> GIVEN INFORMATION
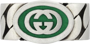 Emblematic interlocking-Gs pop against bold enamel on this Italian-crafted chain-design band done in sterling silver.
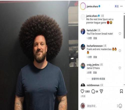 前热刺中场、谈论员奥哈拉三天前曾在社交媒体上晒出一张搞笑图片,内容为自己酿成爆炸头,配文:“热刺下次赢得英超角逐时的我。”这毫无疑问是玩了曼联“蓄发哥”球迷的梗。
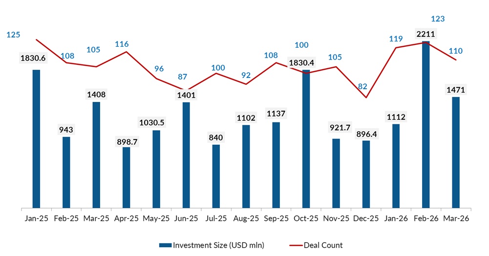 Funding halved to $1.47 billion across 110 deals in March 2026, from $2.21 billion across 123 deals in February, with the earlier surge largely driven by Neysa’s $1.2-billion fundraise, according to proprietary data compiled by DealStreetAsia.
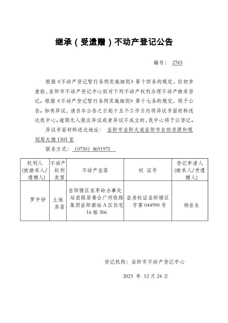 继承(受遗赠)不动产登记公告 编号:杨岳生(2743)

> TASK OBJECTIVE
Would you please set down the listing above exactly, minus its images?

> OUTPUT FOR THIS EXERCISE
 Emblematic interlocking-Gs pop against bold enamel on this Italian-crafted chain-design band done in sterling silver.
 前热刺中场、谈论员奥哈拉三天前曾在社交媒体上晒出一张搞笑图片,内容为自己酿成爆炸头,配文:“热刺下次赢得英超角逐时的我。”这毫无疑问是玩了曼联“蓄发哥”球迷的梗。
 Funding halved to $1.47 billion across 110 deals in March 2026, from $2.21 billion across 123 deals in February, with the earlier surge largely driven by Neysa’s $1.2-billion fundraise, according to proprietary data compiled by DealStreetAsia.
 继承(受遗赠)不动产登记公告 编号:杨岳生(2743)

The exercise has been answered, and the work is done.